◆ Collected material

'''

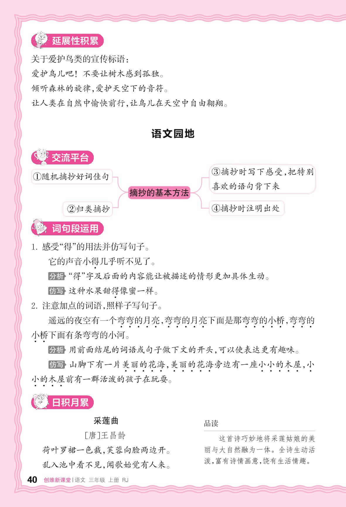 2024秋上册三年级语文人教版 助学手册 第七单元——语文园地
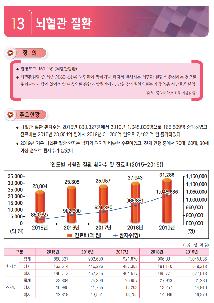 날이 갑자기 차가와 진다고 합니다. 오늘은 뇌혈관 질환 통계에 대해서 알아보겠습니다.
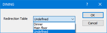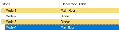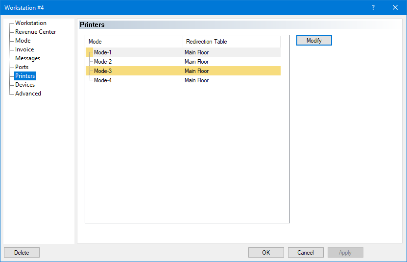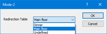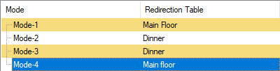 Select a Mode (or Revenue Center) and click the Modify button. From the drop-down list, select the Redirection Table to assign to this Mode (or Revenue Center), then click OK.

'''

◆ Try it
Reproduce the whole listing verbatim. Pictures stay out of the copy.

◆ Exercise answer
 2024秋上册三年级语文人教版 助学手册 第七单元——语文园地
 날이 갑자기 차가와 진다고 합니다. 오늘은 뇌혈관 질환 통계에 대해서 알아보겠습니다.
 Select a Mode (or Revenue Center) and click the Modify button. From the drop-down list, select the Redirection Table to assign to this Mode (or Revenue Center), then click OK.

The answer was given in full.